----- Record excerpts -----

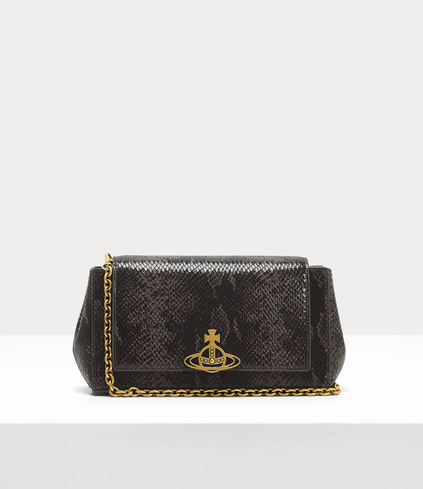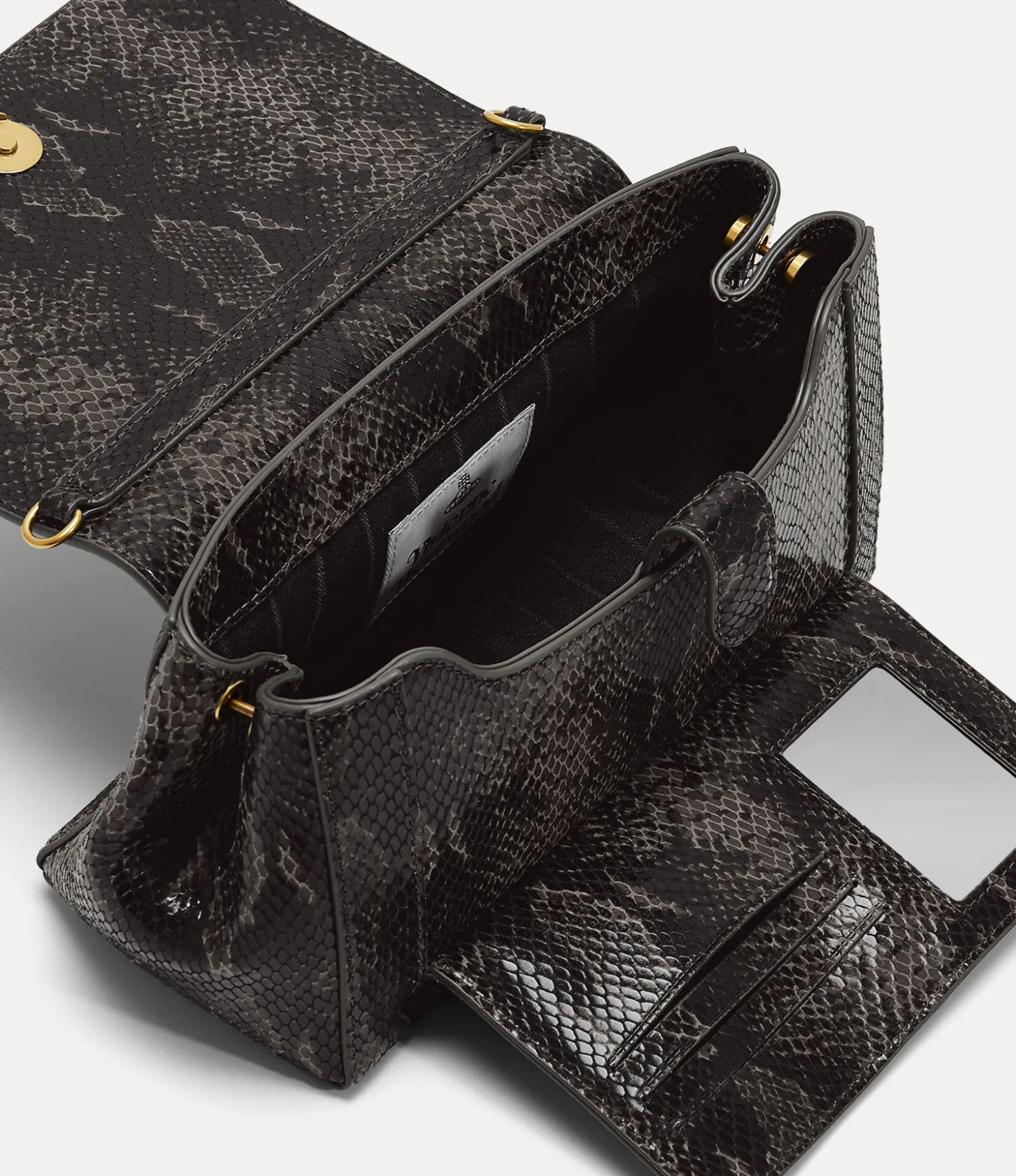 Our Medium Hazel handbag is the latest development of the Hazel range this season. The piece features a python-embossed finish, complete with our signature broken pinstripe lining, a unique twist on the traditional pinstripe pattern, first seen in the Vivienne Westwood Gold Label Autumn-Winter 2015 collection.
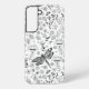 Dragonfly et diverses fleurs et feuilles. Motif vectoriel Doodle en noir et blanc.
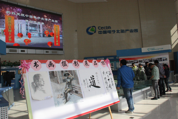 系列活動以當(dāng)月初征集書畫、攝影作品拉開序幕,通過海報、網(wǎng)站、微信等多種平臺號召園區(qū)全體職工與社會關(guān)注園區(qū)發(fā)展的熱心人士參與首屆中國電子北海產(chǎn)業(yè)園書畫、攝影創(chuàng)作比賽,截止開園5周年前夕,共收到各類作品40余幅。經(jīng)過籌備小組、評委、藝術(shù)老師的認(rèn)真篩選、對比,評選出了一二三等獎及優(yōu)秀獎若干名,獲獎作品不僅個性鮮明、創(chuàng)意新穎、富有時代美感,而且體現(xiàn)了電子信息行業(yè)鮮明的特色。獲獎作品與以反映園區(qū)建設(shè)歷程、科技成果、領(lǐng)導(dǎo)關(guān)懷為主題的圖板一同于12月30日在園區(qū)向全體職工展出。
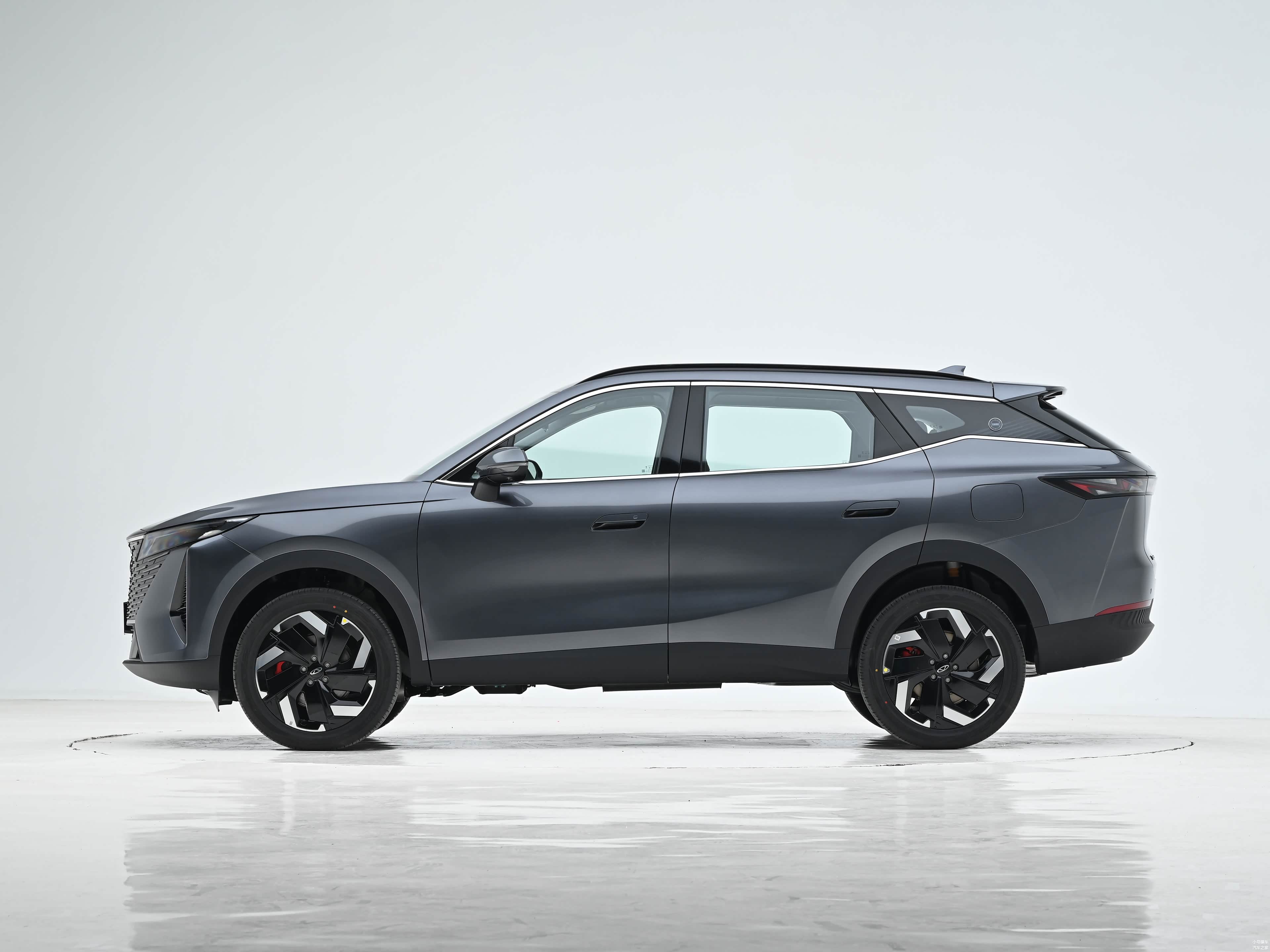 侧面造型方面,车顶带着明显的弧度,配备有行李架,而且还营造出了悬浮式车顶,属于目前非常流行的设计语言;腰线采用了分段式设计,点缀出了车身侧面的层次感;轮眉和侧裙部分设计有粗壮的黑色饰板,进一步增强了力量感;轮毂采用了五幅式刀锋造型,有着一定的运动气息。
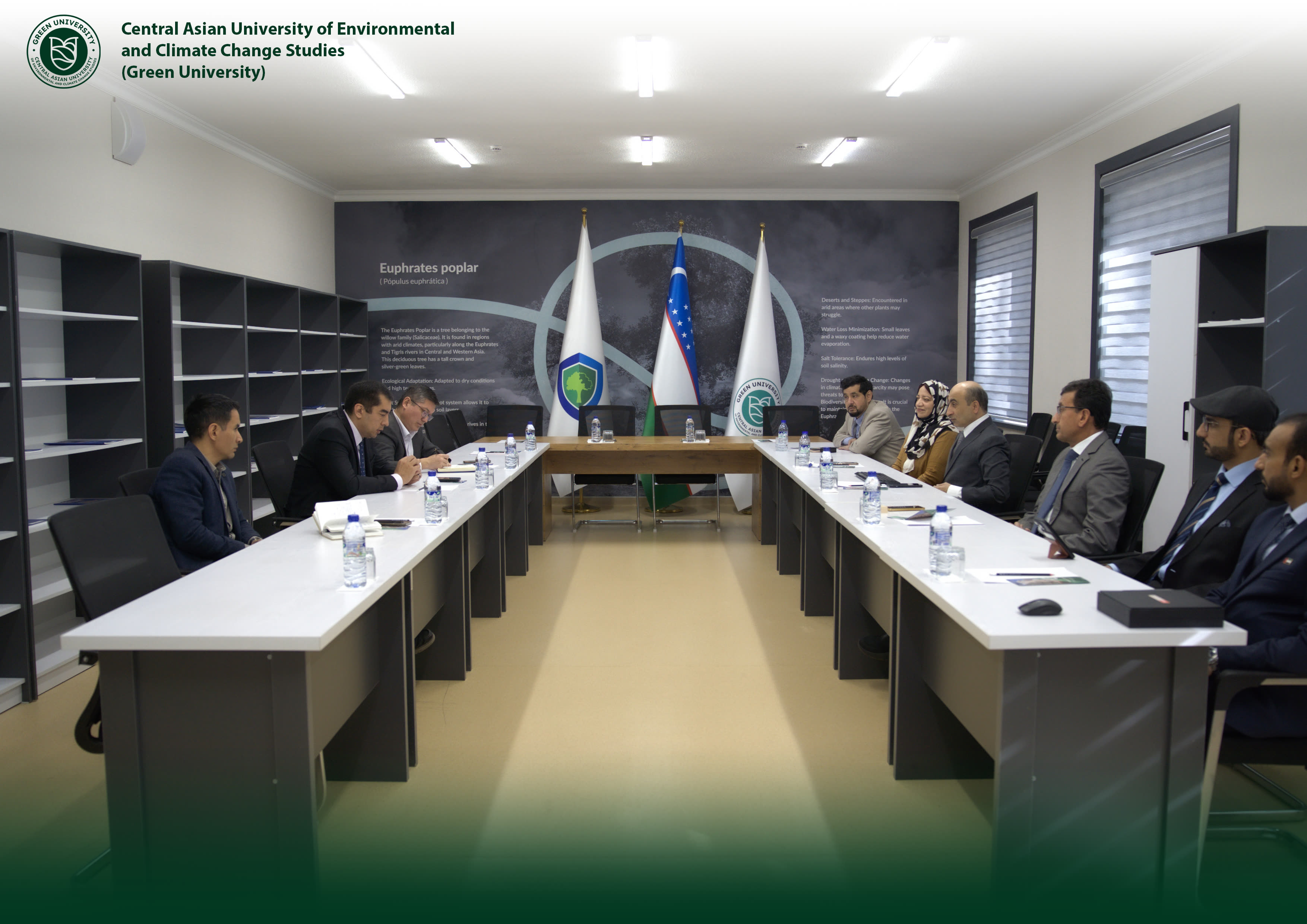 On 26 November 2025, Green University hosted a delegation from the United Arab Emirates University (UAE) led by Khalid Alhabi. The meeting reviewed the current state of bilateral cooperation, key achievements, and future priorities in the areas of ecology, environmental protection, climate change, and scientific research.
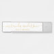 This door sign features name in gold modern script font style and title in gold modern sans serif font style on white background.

-----

### [What is expected]
Your answer must be the lines from the one containing "侧面造型方面,车顶带着明显的" through the last line of the records, both included, written out exactly and without pictures.

### [Answer space]
 侧面造型方面,车顶带着明显的弧度,配备有行李架,而且还营造出了悬浮式车顶,属于目前非常流行的设计语言;腰线采用了分段式设计,点缀出了车身侧面的层次感;轮眉和侧裙部分设计有粗壮的黑色饰板,进一步增强了力量感;轮毂采用了五幅式刀锋造型,有着一定的运动气息。
 On 26 November 2025, Green University hosted a delegation from the United Arab Emirates University (UAE) led by Khalid Alhabi. The meeting reviewed the current state of bilateral cooperation, key achievements, and future priorities in the areas of ecology, environmental protection, climate change, and scientific research.
 This door sign features name in gold modern script font style and title in gold modern sans serif font style on white background.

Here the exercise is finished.